YOUR ASSIGNMENT
Look through the data below for the line with "- Zubehörbox: Saunakübel" and the line with "CUCET 2021 PGQP05", then output those two and all lines in between, exactly as written.

DATASET EXCERPTS
◆ ◆ ◆ ◆ ◆ ◆ ◆

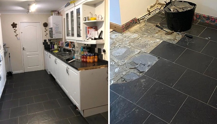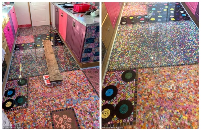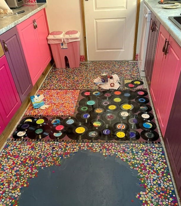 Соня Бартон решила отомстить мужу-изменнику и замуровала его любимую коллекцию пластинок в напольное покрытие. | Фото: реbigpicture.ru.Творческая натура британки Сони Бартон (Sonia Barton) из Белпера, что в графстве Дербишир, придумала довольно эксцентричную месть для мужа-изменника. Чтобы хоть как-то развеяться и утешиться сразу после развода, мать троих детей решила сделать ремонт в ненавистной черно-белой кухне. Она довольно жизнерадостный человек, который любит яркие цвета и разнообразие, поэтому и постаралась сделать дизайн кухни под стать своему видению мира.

◆ ◆ ◆ ◆ ◆ ◆ ◆

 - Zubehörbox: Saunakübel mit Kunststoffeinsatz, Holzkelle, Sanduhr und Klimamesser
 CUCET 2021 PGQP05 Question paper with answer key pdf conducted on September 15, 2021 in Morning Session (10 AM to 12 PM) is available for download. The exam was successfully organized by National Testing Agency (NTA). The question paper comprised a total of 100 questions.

◆ ◆ ◆ ◆ ◆ ◆ ◆

EXERCISE RESPONSE
 - Zubehörbox: Saunakübel mit Kunststoffeinsatz, Holzkelle, Sanduhr und Klimamesser
 CUCET 2021 PGQP05 Question paper with answer key pdf conducted on September 15, 2021 in Morning Session (10 AM to 12 PM) is available for download. The exam was successfully organized by National Testing Agency (NTA). The question paper comprised a total of 100 questions.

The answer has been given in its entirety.